Other symptoms include severe aches in muscles and joints, weakness or extreme fatigue, a headache, a dry cough, sore throat and runny nose.
Flu is in the Top 10 of all killers, von Gremp cautions.
When you talk about cancer, heart disease and accidents, flu is also up there, he says.
And the website livescience.com lists the influenza virus among the nine deadliest viruses on the planet.
The site states that up to 500,000 people worldwide die from the illness during a typical flu season, according to the World Health Organization.
Everyone who gets the flu isn't at risk for dying, but it attacks everyone, young and old, healthy and sick, says von Gremp.
Yet while adults make sure that their children got vaccinated, they often fail to get vaccinations themselves.
In the 2016-17 flu season, more than 75 percent of children got the vaccination, while less than 50 percent of adults did likewise.
Doctors advise the flu shot for adults and children at least six months old every year.
Ultimately doctors are trying to prevent the spread of infection, says Dr. Justin Ossman, a local family medicine physician at Erlanger hospital.

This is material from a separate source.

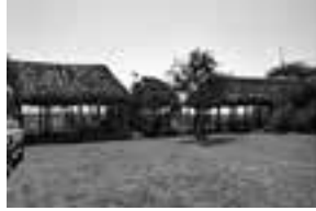
Figure 005 Lecture venue.

The World Health Organization meets twice a year and determines what influenza strain will be the most prevalent based on what they've seen in previous years.
"It's called herd immunity. So the more people who are vaccinated, ultimately the less likely you're going to spread any sort of illness or infection to other people," says Ossman.
A healthy body could heal itself of the virus, but the flu could also develop into pneumonia and other illnesses.
Patients already established at Erlanger can get a flu shot in less than 15 minutes.
They come in, roll up their sleeve and basically get the injection. We make sure that they don't have any allergic reactions or complications and they're on their way, says Ossman.
It may take a little longer than 15 minutes to be seen at American Family Care, but getting a flu shot could take less than 15 minutes when they see the doctor.